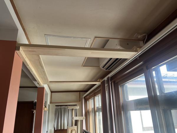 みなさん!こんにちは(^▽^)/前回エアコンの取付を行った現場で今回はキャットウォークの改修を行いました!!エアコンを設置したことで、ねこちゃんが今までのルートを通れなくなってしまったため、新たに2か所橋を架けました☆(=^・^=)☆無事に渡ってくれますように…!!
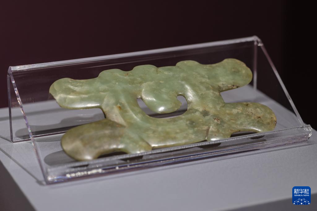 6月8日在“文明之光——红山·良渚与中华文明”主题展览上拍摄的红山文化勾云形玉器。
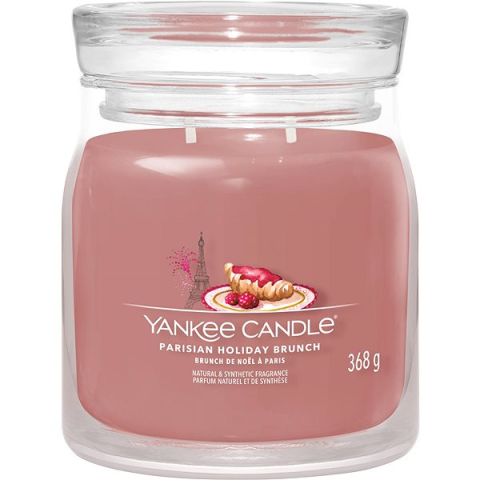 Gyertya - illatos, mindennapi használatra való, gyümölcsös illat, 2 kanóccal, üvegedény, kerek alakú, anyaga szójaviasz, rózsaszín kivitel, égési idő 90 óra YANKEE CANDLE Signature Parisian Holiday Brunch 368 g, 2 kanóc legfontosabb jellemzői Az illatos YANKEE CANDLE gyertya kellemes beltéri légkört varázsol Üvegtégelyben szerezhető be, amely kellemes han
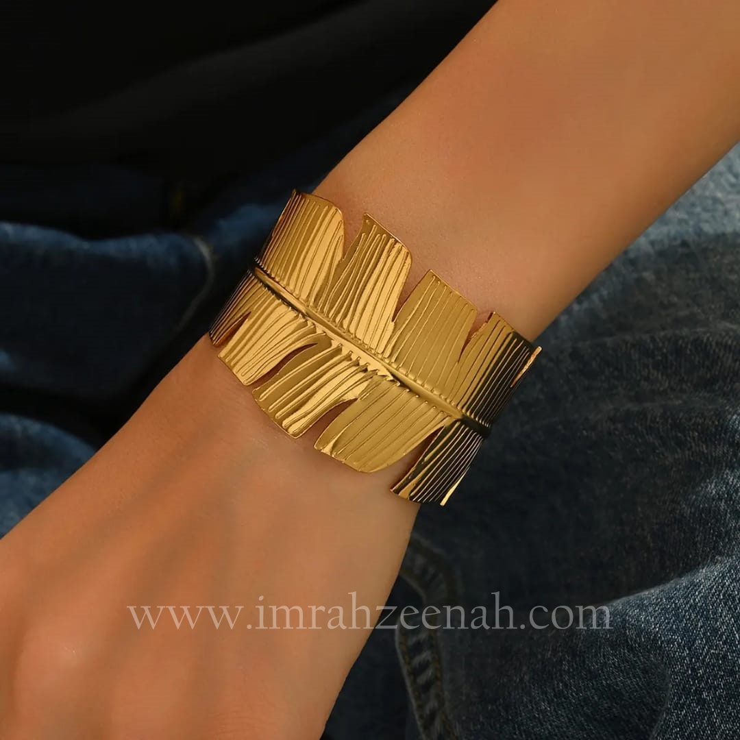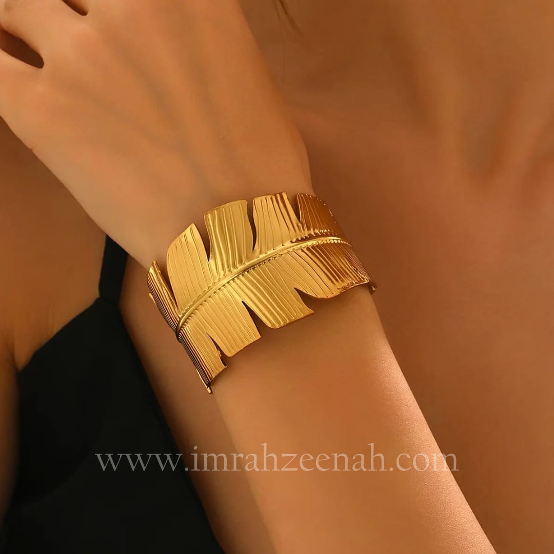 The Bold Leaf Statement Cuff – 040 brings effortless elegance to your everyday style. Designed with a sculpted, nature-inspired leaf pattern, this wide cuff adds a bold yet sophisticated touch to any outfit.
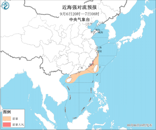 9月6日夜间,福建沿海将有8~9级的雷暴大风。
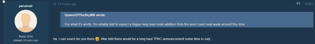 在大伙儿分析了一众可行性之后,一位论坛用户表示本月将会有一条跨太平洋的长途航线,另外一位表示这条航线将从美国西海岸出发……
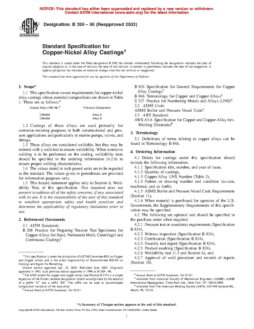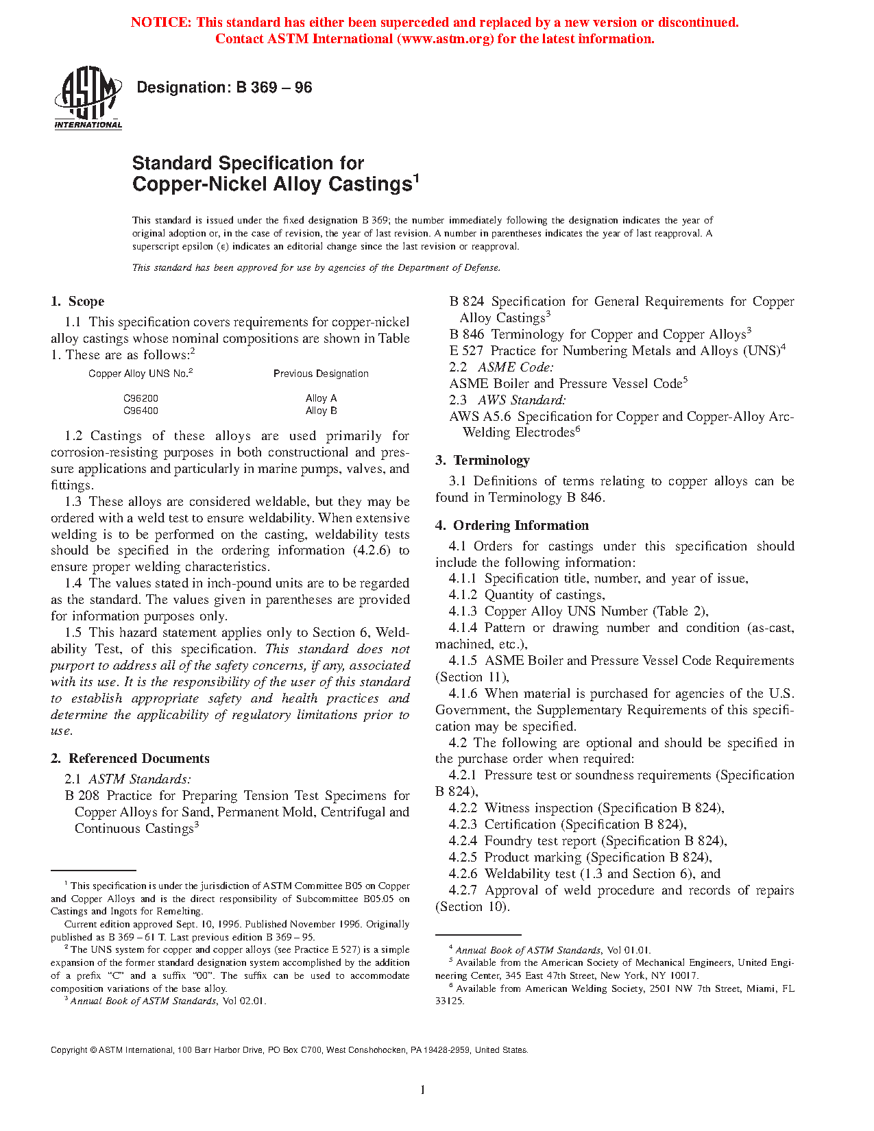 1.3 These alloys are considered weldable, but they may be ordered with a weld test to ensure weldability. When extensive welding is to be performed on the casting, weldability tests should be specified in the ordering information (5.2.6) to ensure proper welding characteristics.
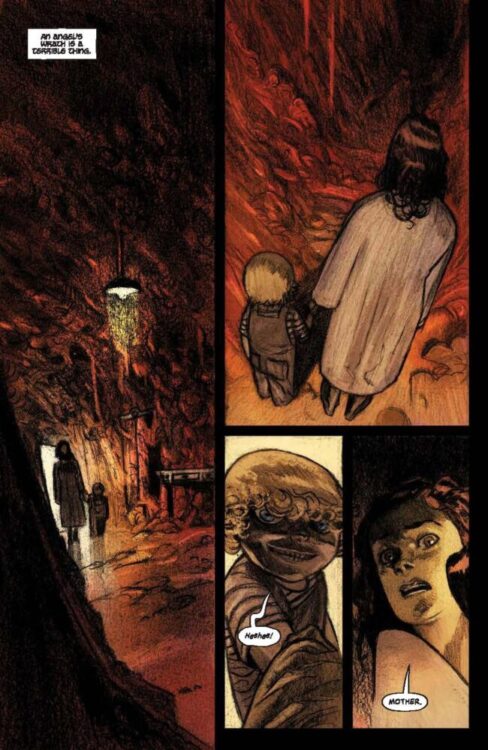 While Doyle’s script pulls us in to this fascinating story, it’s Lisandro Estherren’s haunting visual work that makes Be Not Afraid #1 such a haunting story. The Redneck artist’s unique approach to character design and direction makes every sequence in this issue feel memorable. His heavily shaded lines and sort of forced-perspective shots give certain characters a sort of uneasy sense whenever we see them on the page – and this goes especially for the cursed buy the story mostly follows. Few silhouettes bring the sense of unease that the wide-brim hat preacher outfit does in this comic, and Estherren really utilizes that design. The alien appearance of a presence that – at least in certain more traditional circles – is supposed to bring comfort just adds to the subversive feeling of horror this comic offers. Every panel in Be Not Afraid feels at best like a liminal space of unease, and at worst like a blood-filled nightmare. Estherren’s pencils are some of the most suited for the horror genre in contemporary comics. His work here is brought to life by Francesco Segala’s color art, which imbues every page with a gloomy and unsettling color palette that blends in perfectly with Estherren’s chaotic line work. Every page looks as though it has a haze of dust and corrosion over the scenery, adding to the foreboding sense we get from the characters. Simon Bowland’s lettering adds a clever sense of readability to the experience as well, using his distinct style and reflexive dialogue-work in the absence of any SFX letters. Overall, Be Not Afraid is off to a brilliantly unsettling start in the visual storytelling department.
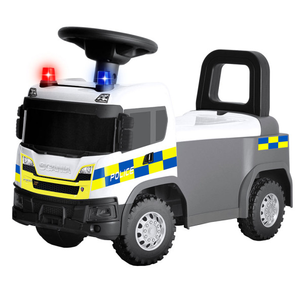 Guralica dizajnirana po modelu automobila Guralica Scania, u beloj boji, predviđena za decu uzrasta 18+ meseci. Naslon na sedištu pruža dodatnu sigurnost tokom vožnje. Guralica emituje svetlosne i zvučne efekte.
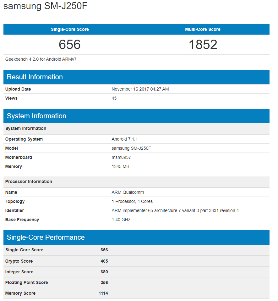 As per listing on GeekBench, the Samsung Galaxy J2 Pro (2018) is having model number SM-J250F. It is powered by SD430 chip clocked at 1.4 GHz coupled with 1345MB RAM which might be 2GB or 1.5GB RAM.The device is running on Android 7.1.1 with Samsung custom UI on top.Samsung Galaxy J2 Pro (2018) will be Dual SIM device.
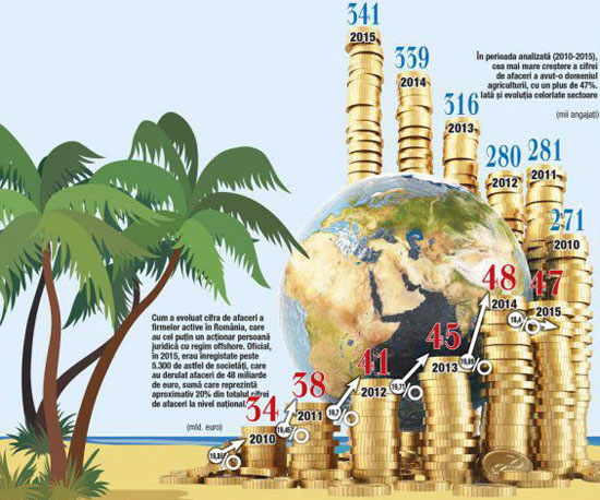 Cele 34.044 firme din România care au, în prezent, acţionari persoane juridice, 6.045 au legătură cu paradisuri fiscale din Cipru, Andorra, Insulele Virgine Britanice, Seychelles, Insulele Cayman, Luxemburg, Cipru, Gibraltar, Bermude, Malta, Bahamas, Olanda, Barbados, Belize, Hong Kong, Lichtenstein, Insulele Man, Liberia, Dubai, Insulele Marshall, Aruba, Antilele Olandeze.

-=-=-

Quote the material in full and exactly; do not carry over its pictures.

Your response:
 みなさん!こんにちは(^▽^)/前回エアコンの取付を行った現場で今回はキャットウォークの改修を行いました!!エアコンを設置したことで、ねこちゃんが今までのルートを通れなくなってしまったため、新たに2か所橋を架けました☆(=^・^=)☆無事に渡ってくれますように…!!
 6月8日在“文明之光——红山·良渚与中华文明”主题展览上拍摄的红山文化勾云形玉器。
 Gyertya - illatos, mindennapi használatra való, gyümölcsös illat, 2 kanóccal, üvegedény, kerek alakú, anyaga szójaviasz, rózsaszín kivitel, égési idő 90 óra YANKEE CANDLE Signature Parisian Holiday Brunch 368 g, 2 kanóc legfontosabb jellemzői Az illatos YANKEE CANDLE gyertya kellemes beltéri légkört varázsol Üvegtégelyben szerezhető be, amely kellemes han
 The Bold Leaf Statement Cuff – 040 brings effortless elegance to your everyday style. Designed with a sculpted, nature-inspired leaf pattern, this wide cuff adds a bold yet sophisticated touch to any outfit.
 9月6日夜间,福建沿海将有8~9级的雷暴大风。
 在大伙儿分析了一众可行性之后,一位论坛用户表示本月将会有一条跨太平洋的长途航线,另外一位表示这条航线将从美国西海岸出发……
 1.3 These alloys are considered weldable, but they may be ordered with a weld test to ensure weldability. When extensive welding is to be performed on the casting, weldability tests should be specified in the ordering information (5.2.6) to ensure proper welding characteristics.
 While Doyle’s script pulls us in to this fascinating story, it’s Lisandro Estherren’s haunting visual work that makes Be Not Afraid #1 such a haunting story. The Redneck artist’s unique approach to character design and direction makes every sequence in this issue feel memorable. His heavily shaded lines and sort of forced-perspective shots give certain characters a sort of uneasy sense whenever we see them on the page – and this goes especially for the cursed buy the story mostly follows. Few silhouettes bring the sense of unease that the wide-brim hat preacher outfit does in this comic, and Estherren really utilizes that design. The alien appearance of a presence that – at least in certain more traditional circles – is supposed to bring comfort just adds to the subversive feeling of horror this comic offers. Every panel in Be Not Afraid feels at best like a liminal space of unease, and at worst like a blood-filled nightmare. Estherren’s pencils are some of the most suited for the horror genre in contemporary comics. His work here is brought to life by Francesco Segala’s color art, which imbues every page with a gloomy and unsettling color palette that blends in perfectly with Estherren’s chaotic line work. Every page looks as though it has a haze of dust and corrosion over the scenery, adding to the foreboding sense we get from the characters. Simon Bowland’s lettering adds a clever sense of readability to the experience as well, using his distinct style and reflexive dialogue-work in the absence of any SFX letters. Overall, Be Not Afraid is off to a brilliantly unsettling start in the visual storytelling department.
 Guralica dizajnirana po modelu automobila Guralica Scania, u beloj boji, predviđena za decu uzrasta 18+ meseci. Naslon na sedištu pruža dodatnu sigurnost tokom vožnje. Guralica emituje svetlosne i zvučne efekte.
 As per listing on GeekBench, the Samsung Galaxy J2 Pro (2018) is having model number SM-J250F. It is powered by SD430 chip clocked at 1.4 GHz coupled with 1345MB RAM which might be 2GB or 1.5GB RAM.The device is running on Android 7.1.1 with Samsung custom UI on top.Samsung Galaxy J2 Pro (2018) will be Dual SIM device.
 Cele 34.044 firme din România care au, în prezent, acţionari persoane juridice, 6.045 au legătură cu paradisuri fiscale din Cipru, Andorra, Insulele Virgine Britanice, Seychelles, Insulele Cayman, Luxemburg, Cipru, Gibraltar, Bermude, Malta, Bahamas, Olanda, Barbados, Belize, Hong Kong, Lichtenstein, Insulele Man, Liberia, Dubai, Insulele Marshall, Aruba, Antilele Olandeze.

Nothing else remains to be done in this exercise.